The Healthy Sail Panel

One of several areas where I believe the CDC has failed cruise lines is that they haven’t given them explicit measures they expect to be taken to reduce the risk of contracting COVID-19 aboard a cruise ship. Much of what little guidance they have given seems to be directed at ensuring there are no COVID-19 infections onboard cruise ships ever…an admirable but impossible goal. In the absence of specific guidance from the CDC, the cruise lines developed their own COVID-19 risk mitigation and management plans.

The Royal Caribbean Group and Norwegian Cruise Line Holdings Ltd jointly commissioned an independent panel of experts to conduct a study of COVID-19 in the cruise industry. Royal Caribbean and Norwegian are the second and third largest cruise companies in the world respectively, behind Carnival Corp. The expert panel they commissioned, which came to be known as the Healthy Sail Panel, was co-chaired by Dr. Scott Gottlieb and Mr. Mike Leavitt. Dr. Gottlieb is a former commissioner of the U.S. Food and Drug Administration, attending physician at New York University’s Tisch Medical Center, member of the policy board of the Leukemia & Lymphoma Society, staff writer for the British Medical Journal, and one of several editors for the Journal of American Medicine. Mr. Leavitt formerly served as the U.S. Secretary of Health and Human Services, former Governor of the state of Utah, and former Administrator of the Environmental Protection Agency.

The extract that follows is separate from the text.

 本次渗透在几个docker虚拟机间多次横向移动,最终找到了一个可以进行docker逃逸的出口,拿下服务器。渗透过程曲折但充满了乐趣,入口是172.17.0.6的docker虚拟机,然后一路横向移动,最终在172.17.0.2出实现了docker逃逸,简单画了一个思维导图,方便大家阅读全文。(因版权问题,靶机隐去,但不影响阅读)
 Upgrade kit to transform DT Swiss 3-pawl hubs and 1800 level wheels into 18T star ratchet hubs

Aside from their co-chairs, the Healthy Sail Panel was composed of independent experts in public health, infectious disease, biosecurity, epidemiology, hospitality, and maritime operations. The experts selected to serve on the panel all brought impeccable credentials to the study and include a former CDC director, former acting commissioner for the FDA, and several highly qualified experts in infectious diseases. The panel members representing the hospitality and cruise industry were charged with providing input on the operational impact of the panel’s recommendations to ensure the implementation approaches would be effective without placing an undue burden on crews. If something is too hard to do, no matter the benefit, it is less likely to get done. The panel conducted a four-month study resulting in a 65-page report titled “Recommendations from the Healthy Sail Panel.” The report contains 74 discrete recommendations in forming an effective COVID-19 mitigation and management plan.

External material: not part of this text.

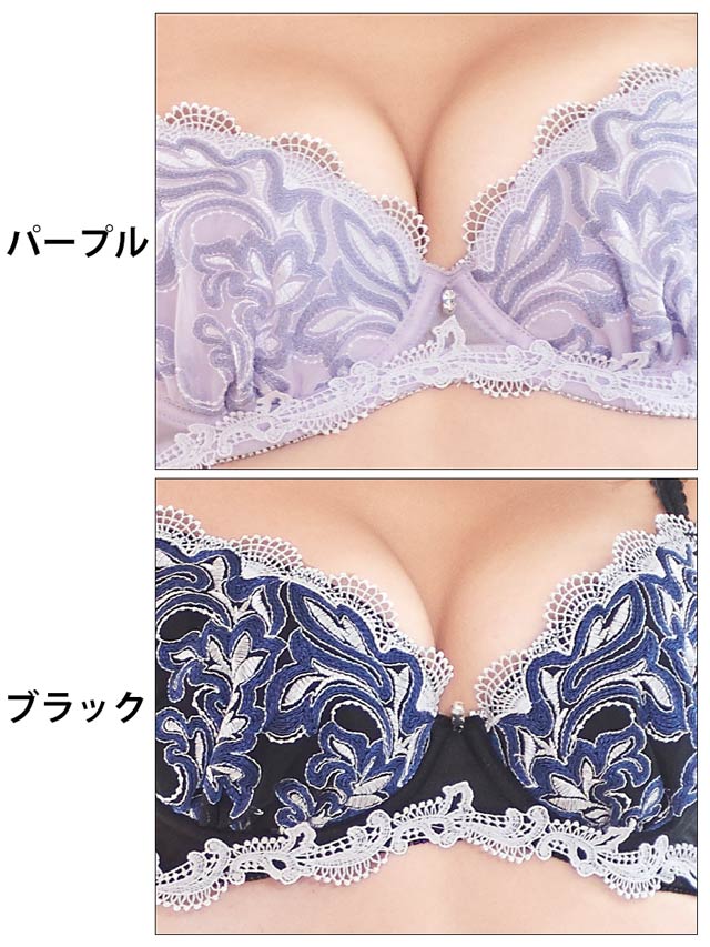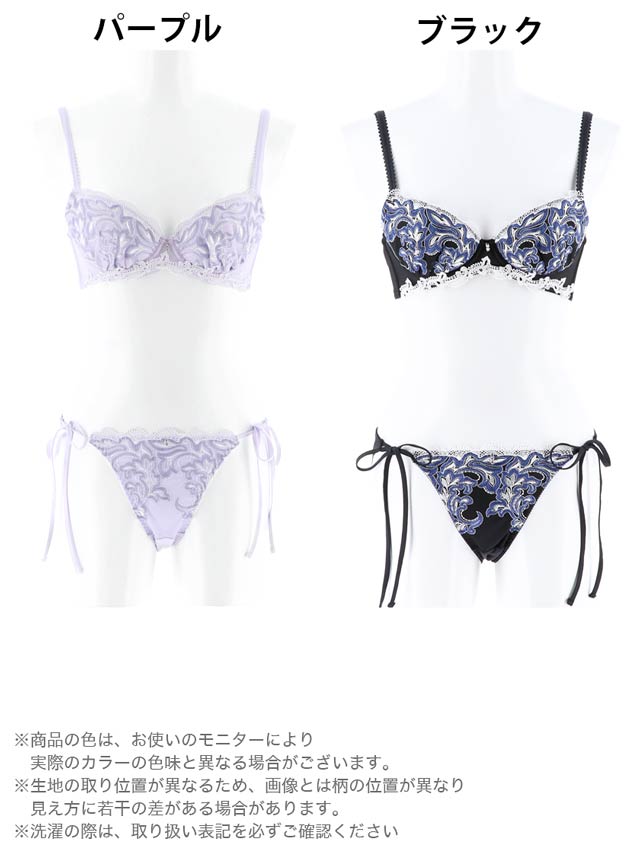 ボタニカルモチーフを2色の刺繍糸で描いたランジェリー♪立体感のあるリーフ刺繍がとってもゴージャスな雰囲気に。ブラのアンダーと谷間部分にはケミカルレースをあしらい、バストを美しく演出します。フルバックのサイドは、カレが興奮すること間違い無しの大人気ほどける紐パン仕様です☆

Given the lack of specificity from the CDC…this was not their finest hour….it is refreshing to find that the cruise lines’ Healthy Sail Panel decided on their own to follow an approach based on science and data, supporting their conclusions with verifiable and defensible facts. The only thing I’ll say here about the CDC’s approach is that it was bureaucratically lazy. The Healthy Sail Panel stated in plain terms, “The paramount goal and guiding principle of our work was to define a set of protocols and procedures that would protect guests, crews, and the communities cruise ships visit from SARS-CoV-2 and reduce the risk of transmission below the level people would experience in other normal activities.”

Note that the Healthy Sail Panel’s charge did not direct them to come up with a plan to ensure no cases of COVID-19 would occur on any cruise ship which, reading between the lines in the CDC’s no sail extension orders, seemed to be the CDC’s unspoken objective. Reducing the risk of transmission below the level people would experience on land, the Panel’s charge, is consistent with the cruise line’s prior approach to infectious diseases, including Norovirus, and in the past their protocols have satisfied the CDC. The CDC previously published a report praising the cruise lines’ approach to combating Norovirus, noting the risk of acquiring Norovirus on a cruise ship is well below that of on land.

The Panel further noted that, “these recommendations rely on the ability of the cruise operators to implement them with determination, care, and a strong commitment to protect the health and safety of guests and crew. Fortunately, the Expert Panel’s experience over the past four months has been that cruise operators are approaching the challenges presented by the COVID-19 pandemic in a thoughtful, positive, and aggressive manner and, to ensure they have the highest levels of execution, are planning to employ appropriate auditing, verification, and continuous learning systems.” It sounds to me like this panel of experts felt the cruise lines got it right.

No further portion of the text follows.